- **WHAT NEEDS TO BE DONE**: Look for the line containing "Для образца набираем" and the line containing "Cada vez que" in the entries below. Copy those two and all lines between them exactly, leaving out pictures.

- **RECORDS FOR THE EXERCISE**:
=== Begin Enclosure ===
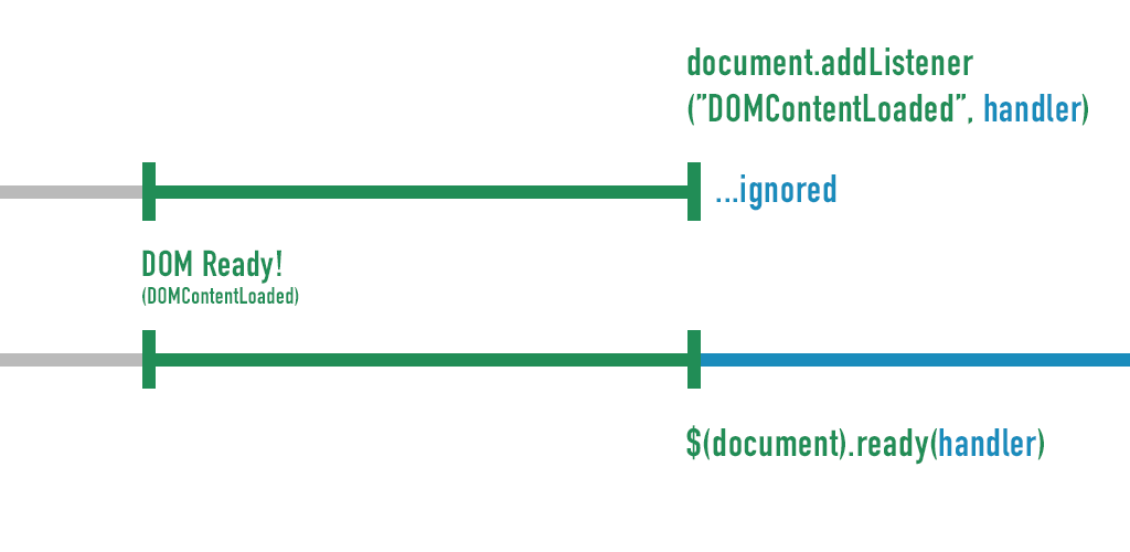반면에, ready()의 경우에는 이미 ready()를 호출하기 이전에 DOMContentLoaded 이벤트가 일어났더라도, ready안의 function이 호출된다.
=== End Enclosure ===
=== Begin Enclosure ===
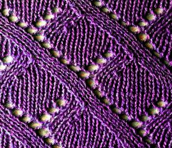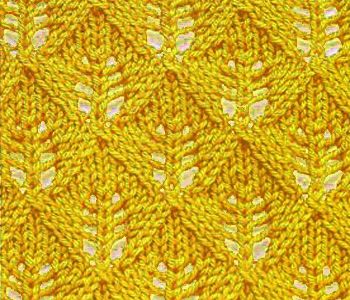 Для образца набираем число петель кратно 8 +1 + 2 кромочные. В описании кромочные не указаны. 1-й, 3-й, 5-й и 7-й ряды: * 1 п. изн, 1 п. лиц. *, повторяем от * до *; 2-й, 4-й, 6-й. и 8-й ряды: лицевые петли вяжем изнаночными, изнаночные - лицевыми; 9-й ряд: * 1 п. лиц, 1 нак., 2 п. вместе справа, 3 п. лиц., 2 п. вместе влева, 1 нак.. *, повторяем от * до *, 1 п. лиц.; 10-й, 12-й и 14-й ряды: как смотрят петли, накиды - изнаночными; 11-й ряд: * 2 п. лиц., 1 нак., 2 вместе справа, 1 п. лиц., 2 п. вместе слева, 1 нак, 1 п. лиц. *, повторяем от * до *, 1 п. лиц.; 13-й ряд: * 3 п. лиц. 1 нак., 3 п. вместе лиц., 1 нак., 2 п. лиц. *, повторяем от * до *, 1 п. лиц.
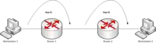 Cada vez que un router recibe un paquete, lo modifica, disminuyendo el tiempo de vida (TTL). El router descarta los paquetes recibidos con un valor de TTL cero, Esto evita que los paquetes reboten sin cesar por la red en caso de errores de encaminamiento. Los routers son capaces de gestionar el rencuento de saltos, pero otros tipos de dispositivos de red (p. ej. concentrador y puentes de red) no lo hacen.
=== End Enclosure ===
- **ANSWER FOR THE TASK**:
 Для образца набираем число петель кратно 8 +1 + 2 кромочные. В описании кромочные не указаны. 1-й, 3-й, 5-й и 7-й ряды: * 1 п. изн, 1 п. лиц. *, повторяем от * до *; 2-й, 4-й, 6-й. и 8-й ряды: лицевые петли вяжем изнаночными, изнаночные - лицевыми; 9-й ряд: * 1 п. лиц, 1 нак., 2 п. вместе справа, 3 п. лиц., 2 п. вместе влева, 1 нак.. *, повторяем от * до *, 1 п. лиц.; 10-й, 12-й и 14-й ряды: как смотрят петли, накиды - изнаночными; 11-й ряд: * 2 п. лиц., 1 нак., 2 вместе справа, 1 п. лиц., 2 п. вместе слева, 1 нак, 1 п. лиц. *, повторяем от * до *, 1 п. лиц.; 13-й ряд: * 3 п. лиц. 1 нак., 3 п. вместе лиц., 1 нак., 2 п. лиц. *, повторяем от * до *, 1 п. лиц.
 Cada vez que un router recibe un paquete, lo modifica, disminuyendo el tiempo de vida (TTL). El router descarta los paquetes recibidos con un valor de TTL cero, Esto evita que los paquetes reboten sin cesar por la red en caso de errores de encaminamiento. Los routers son capaces de gestionar el rencuento de saltos, pero otros tipos de dispositivos de red (p. ej. concentrador y puentes de red) no lo hacen.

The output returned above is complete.